Published in News
Vermont ski resort financial data stolen
by David Stellmack on03 April 2008
Similar to Hannaford Brothers data theft
The Ludlow, Vermont Okemo Mountain Resort ski area reported that it discovered a system intrusion that occurred during a 16-day period in February 2008, as well as during the time frame from January to March 2006.
It estimates that data from more than 46,000 debit and credit card transactions was possibly compromised or stolen during the February system intrusion. Okemo issued a security advisory that the data breach that occurred between February 7th and February 22nd may have affected customers who used their cards at the resort during this time period.
In the Hannaford Brothers breach, malware was discovered to have been installed on servers in Hannaford grocery stores; and the credit card data was intercepted at the time it was being transmitted from point-of-sale systems to authorize transactions.

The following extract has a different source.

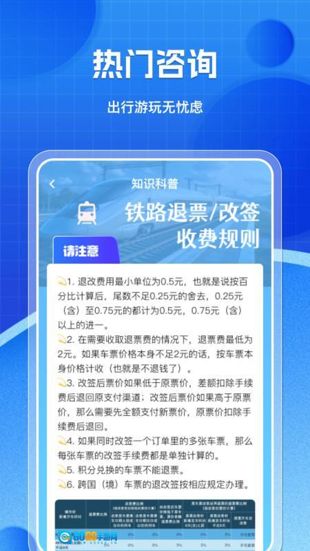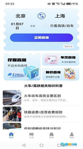 安装完成进入首页后,这里不仅支持车票查询功能,还提供出行知识科普内容。

The Okemo Resort data appears to similarly have been stolen while the recent payment card transactions were being authorized.
The Hannaford debacle appears to have impacted up to 4.2 million credit and debit card numbers, as well as the expiration dates of the affected cards, which were stolen by the malware program and then sent in batches to a server hosted by a foreign ISP. The Hannaford grocer has since replaced all of its store servers to be certain the malware was removed.
Law enforcement authorities investigating the data security breach at Okemo have reportedly informed resort officials that they currently are looking into about 50 other reported similar data theft incidents in the Northeast U.S.